WHAT IS BEING ASKED: Omit the pictures, then reproduce every remaining record exactly.

START INPUT DATA

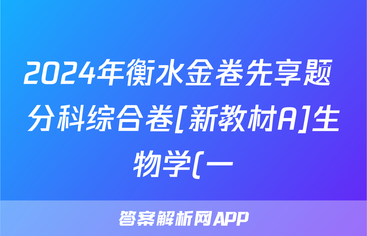 2024年衡水金卷先享题 分科综合卷[新教材A]生物学(一)1答案,目前2025-2026衡水金卷答案网已经汇总了2024年衡水金卷先享题 分科综合卷[新教材A]生物学(一)1答案的各科答案和试卷,获取更多{{papers_name}}答案解析,请在关注本站。
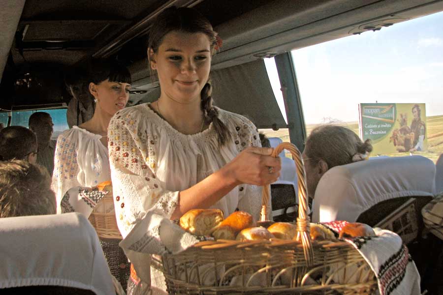 В автобус входят девушки с корзинками выпечки и парни с особыми румынскими кружечками с традиционной румынской водкой – цуйкой. Чуть позже знающие люди расскажут, что есть ещё паленка, и что и ту и другую изготовляют в основном из груш и яблок, но крепость у них разная: у паленки – около 40, а у цуйки она может доходить до 60 градусов.
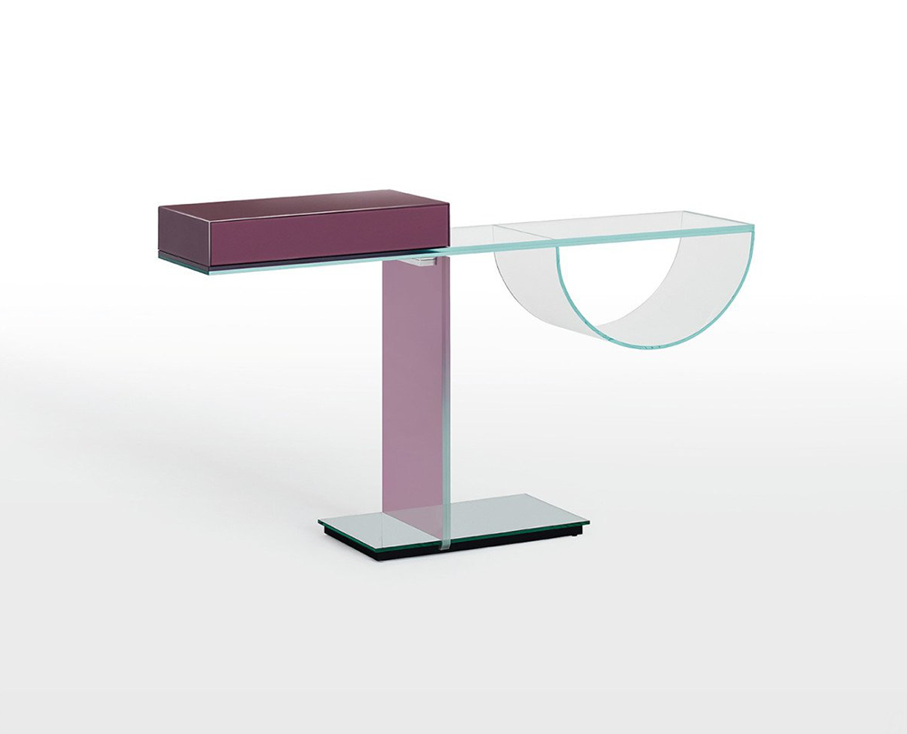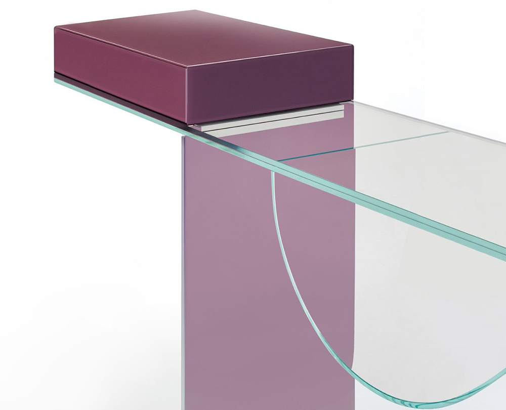 De Ollie Console combineert innovatieve technische oplossingen met verfijnde esthetiek. Het gebogen extra-clear glazen blad biedt opbergruimte, terwijl de verticale stand en spiegelvoet een elegante, modulaire structuur vormen, afgewerkt in paars-lila glas
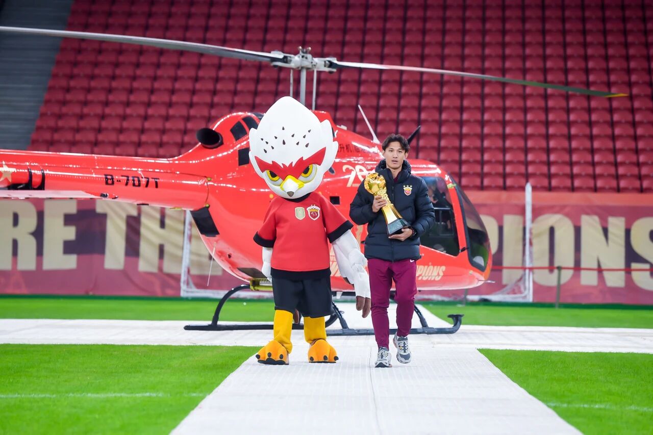 激动人心的夺冠视频过后,大家的目光被静候在内场的临港捷运纪念版直升机吸引,仪式开始前,这架直升机载着队长王燊超和奖杯从川沙飞抵球场。这一环节不仅是荣耀的展示,更是俱乐部积极探索“低空+足球”体旅融合新范式的生动实践。海港俱乐部与临港捷运本赛季已联合推出多次低空游览活动,通过拓展城市空域观赛新场景,延伸球迷体验的维度。未来,双方还将继续推进更多融合项目,共同助力上海低空经济生态的创新。
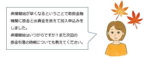 Q.保障開始が早くなるということで取扱金融金に掛金と出資金を添えて加入申込みをしました。保障開始はいつからですか?また次回の掛金引落の時期についても教えてください。

END INPUT DATA

SOLUTION:
 2024年衡水金卷先享题 分科综合卷[新教材A]生物学(一)1答案,目前2025-2026衡水金卷答案网已经汇总了2024年衡水金卷先享题 分科综合卷[新教材A]生物学(一)1答案的各科答案和试卷,获取更多{{papers_name}}答案解析,请在关注本站。
 В автобус входят девушки с корзинками выпечки и парни с особыми румынскими кружечками с традиционной румынской водкой – цуйкой. Чуть позже знающие люди расскажут, что есть ещё паленка, и что и ту и другую изготовляют в основном из груш и яблок, но крепость у них разная: у паленки – около 40, а у цуйки она может доходить до 60 градусов.
 De Ollie Console combineert innovatieve technische oplossingen met verfijnde esthetiek. Het gebogen extra-clear glazen blad biedt opbergruimte, terwijl de verticale stand en spiegelvoet een elegante, modulaire structuur vormen, afgewerkt in paars-lila glas
 激动人心的夺冠视频过后,大家的目光被静候在内场的临港捷运纪念版直升机吸引,仪式开始前,这架直升机载着队长王燊超和奖杯从川沙飞抵球场。这一环节不仅是荣耀的展示,更是俱乐部积极探索“低空+足球”体旅融合新范式的生动实践。海港俱乐部与临港捷运本赛季已联合推出多次低空游览活动,通过拓展城市空域观赛新场景,延伸球迷体验的维度。未来,双方还将继续推进更多融合项目,共同助力上海低空经济生态的创新。
 Q.保障開始が早くなるということで取扱金融金に掛金と出資金を添えて加入申込みをしました。保障開始はいつからですか?また次回の掛金引落の時期についても教えてください。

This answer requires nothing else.